There was evidence that on October 30, 1954 the plaintiff visited the house which the defendant owned with a view to renting it. It was a single family house consisting of three floors and a basement. The plaintiff informed the defendant that if he would agree to make certain repairs she would rent the house. On the strength of his promise to make the repairs she hired the place at a rental of thirteen dollars per week. One of the things that the defendant promised to repair was the staircase which led from the first floor to the basement. The plaintiff and her husband moved into the house on November 4, 1954. Everything had been repaired as promised except the staircase leading to the basement, and although the defendant, when reminded of it later, promised to take care of it, he never did. On December 29, 1954 while going to the basement the plaintiff fell on the staircase and was injured. The steps were in the same condition at the time of the accident as they were at the time of the renting.

On these facts the court properly ruled that the plaintiff could not recover on her count in tort, but could only establish her right of action on her count in contract. This right was predicated on the landlord’s failure to repair the stairs as he had agreed at the time of the creation of the tenancy. Fiorntino v. Mason, 233 Mass. 451. The sole issue presented by this report concerns the propriety of the judge’s refusal to rule, as requested by the defendant, that the plaintiff could not recover on her contract count for any more than the reasonable cost of making the repairs which the defendant had promised.

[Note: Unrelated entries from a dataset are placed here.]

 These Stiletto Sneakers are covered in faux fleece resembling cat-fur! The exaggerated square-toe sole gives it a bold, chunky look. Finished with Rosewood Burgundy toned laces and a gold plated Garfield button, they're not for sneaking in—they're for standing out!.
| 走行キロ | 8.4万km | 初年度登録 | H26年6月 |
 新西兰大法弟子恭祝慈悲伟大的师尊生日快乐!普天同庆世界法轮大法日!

In relationships such as that in issue the right to recover for personal injuries does not derive from the failure to perform an agreement to repair, but from the fact that one who has made an agreement to repair, has made the repairs, and made them negligently. Shute v. Bills, 191 Mass. 433, 437; Miles v. Janvrin, 196 Mass. 431, 439. In other words, negligent performance of the promise to repair is an in-dispensible prerequisite to a tenant’s right to recover for personal injuries. Had this element been present in the case, there would have been ample evidence to support the plaintiff’s count in tort. Unfortunately for the plaintiff it was not. There could not be a negligent performance where there had been no performance at all. It follows that the plaintiff is limited to whatever rights accrue to her from the failure of the defendant to do anything with respect to his promise to repair. To what is she entitled on this account?

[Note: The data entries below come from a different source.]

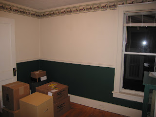 The finished ceiling - we installed a cove moulding at the ceiling to finish the ceiling. We are so excited that we are no longer stepping on chunks of ceiling and it looks so clean and bright. The only problem is now the walls look really terrible. After we removed the wallpaper we discovered the walls also had chipped plaster and cracks. Oh well, for now we'll just try to look up and admire the pretty ceiling.
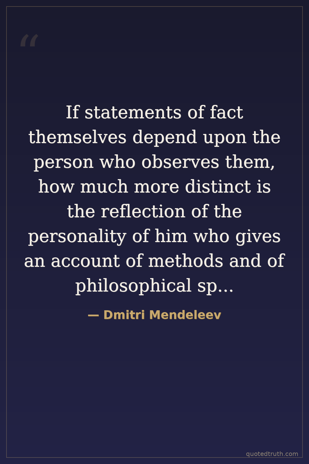 If statements of fact themselves depend upon the person who observes them, how much more distinct is the reflection of the personality of him who gives an account of methods and of philosophical speculations which form the essence of science!
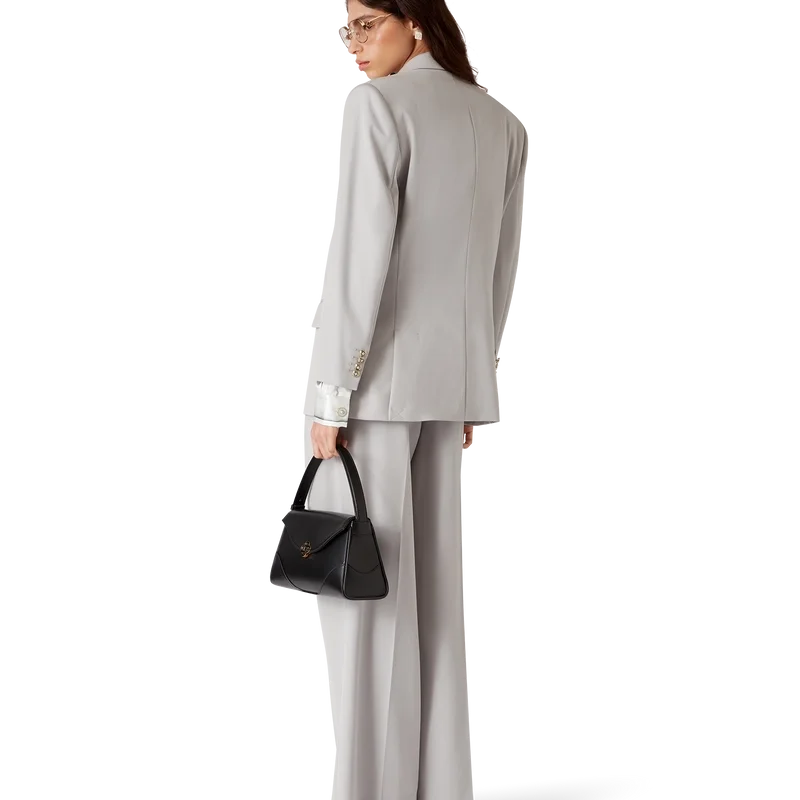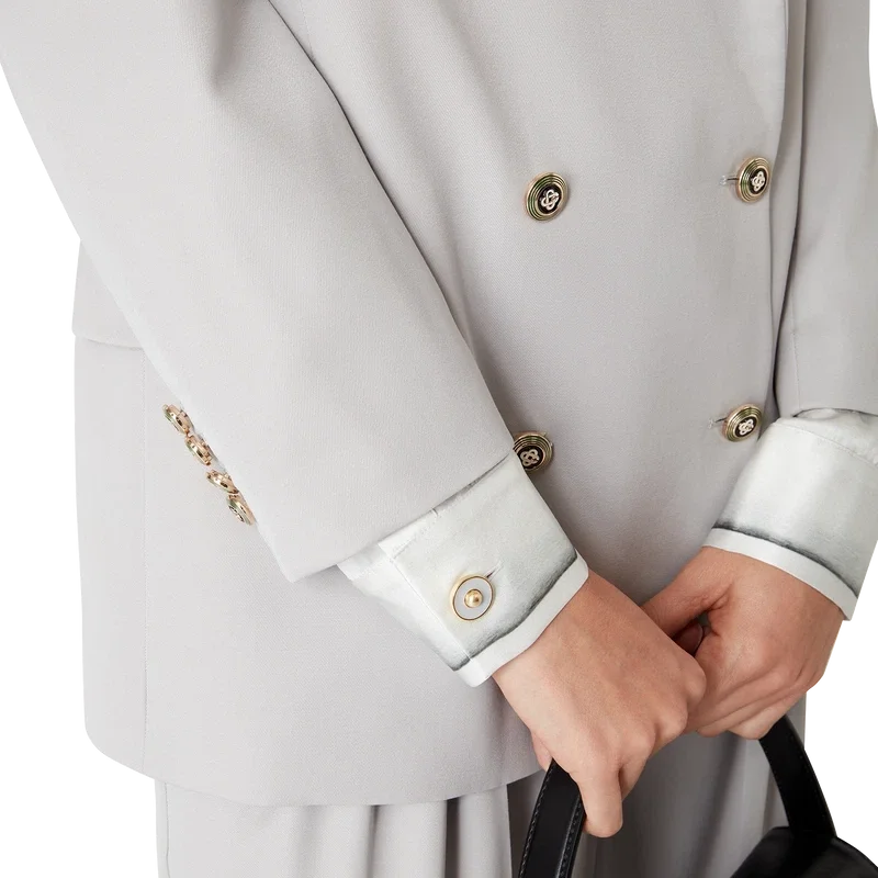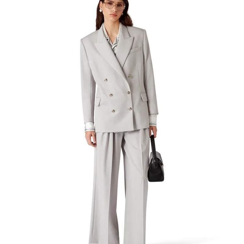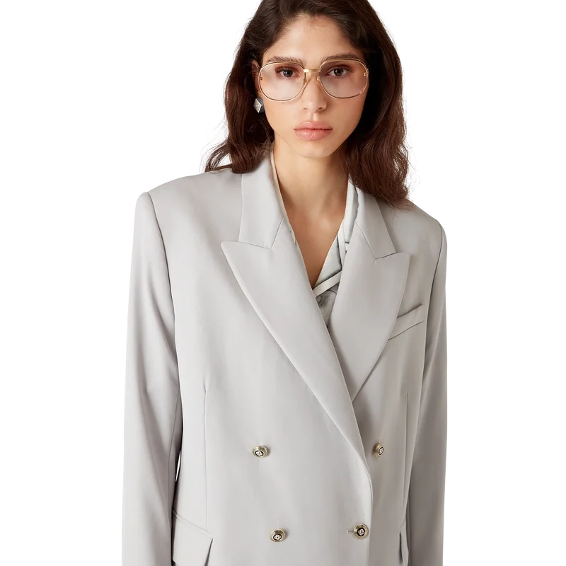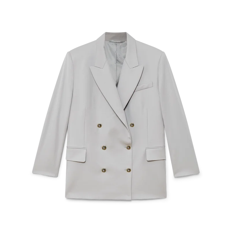 Den oversized blazern i ull är en dubbelknäppt modell inspirerad av Pat Riley. Det omvälvande inflytande som den legendariske Lakers-tränaren hade på basketstilen under 80- och 90-talet återspeglas i kollektionens skräddarsydda sportkläder, tillverkade av nyullstyg. Kompletterad med spetsiga slag, knäppning, platta CC-emaljknappar, en bröstficka med kant och fickor med lock fram.
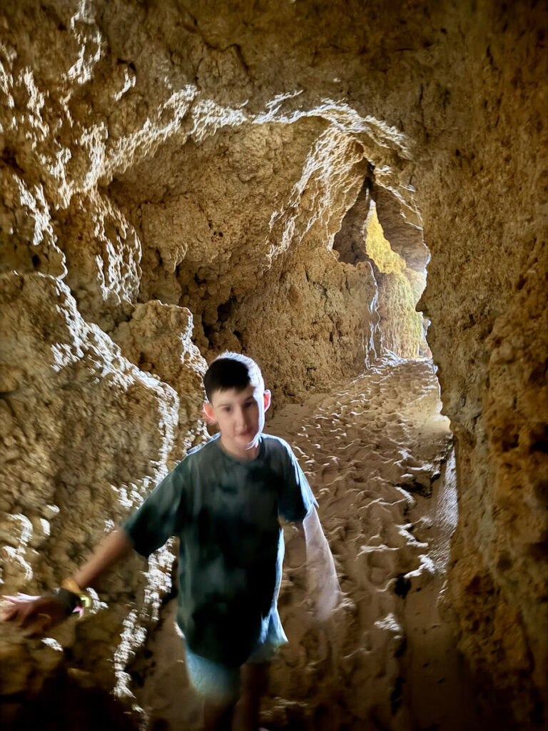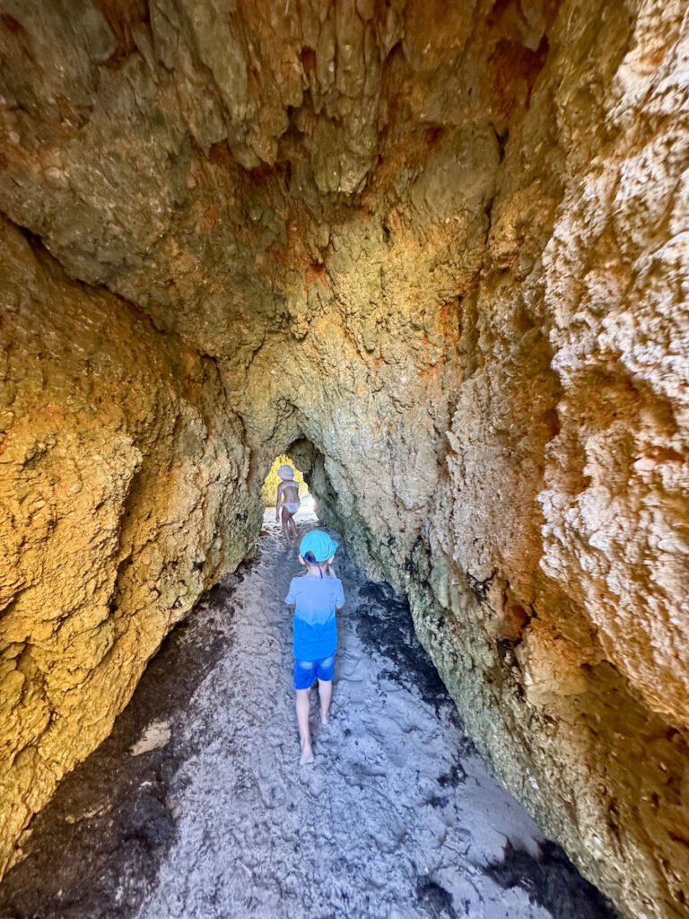 V ľavej časti môžete prejsť cez tunel v skale na „Tajnú pláž“ – Secret beach. Až taká tajná síce nie je, bolo na nej viacero ľudí. :) Prechod je však náročnejší, treba preliezť cez skaly v tuneli, menším deťom treba pomôcť – zdvihnúť ich a spustiť ich do piesku, s pomocou to však zvládnete. Ako menšie dobrodružstvo to bolo super.
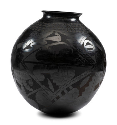 black-on-black jar; illegibly signed on base

Charles J. Abizaid, for the plaintiff.

Brier and Young, for the defendant.

In Miles v. Janvrin, 200 Mass. 514, at 516 the court in referring to a situation such as that now under review said: "If the landlord fails to do the work, it leaves him liable only for such damages as are the direct result of his breach of contract. This ordinarily would be only the cost of making the repairs. The tenant in such a case is not relieved of the duty of looking out for himself as to the safety of the premises, and refraining from using them if the use would be perilous by the reason of the failure of the landlord to do the work.” In Little v. Gilbert Manufacturing Company, 145 Mass. 169, it was held that the liability of a landlord for his failure to make repairs promised by him would be no greater than that of a carpenter who had agreed to do work and had not performed. In Fiorntino v. Mason, 233 Mass. 451, at 453 the court stated that "Failure to comply with such an agreement gives rise merely to a right of action for breach of contract where the damages commonly are the cost of making repairs.” Grennan v. Murray-Miller Co., 244 Mass. 336; Daniels v. Cohen, 249 Mass. 362; Williston on Contracts (Rev. Ed.) §1404.

It is clear that the court erred in awarding the plaintiff damages for personal injuries on her contract claim. In view of the complete absence in the report of any evidence indicating that the promised repairs had been made by the plaintiff, she becomes entitled to no more than nominal damages under her contract count.

Finding for the plaintiff in the amount of $800 to be vacated. Finding to be entered for the plaintiff on her contract count in the amount of $1.00.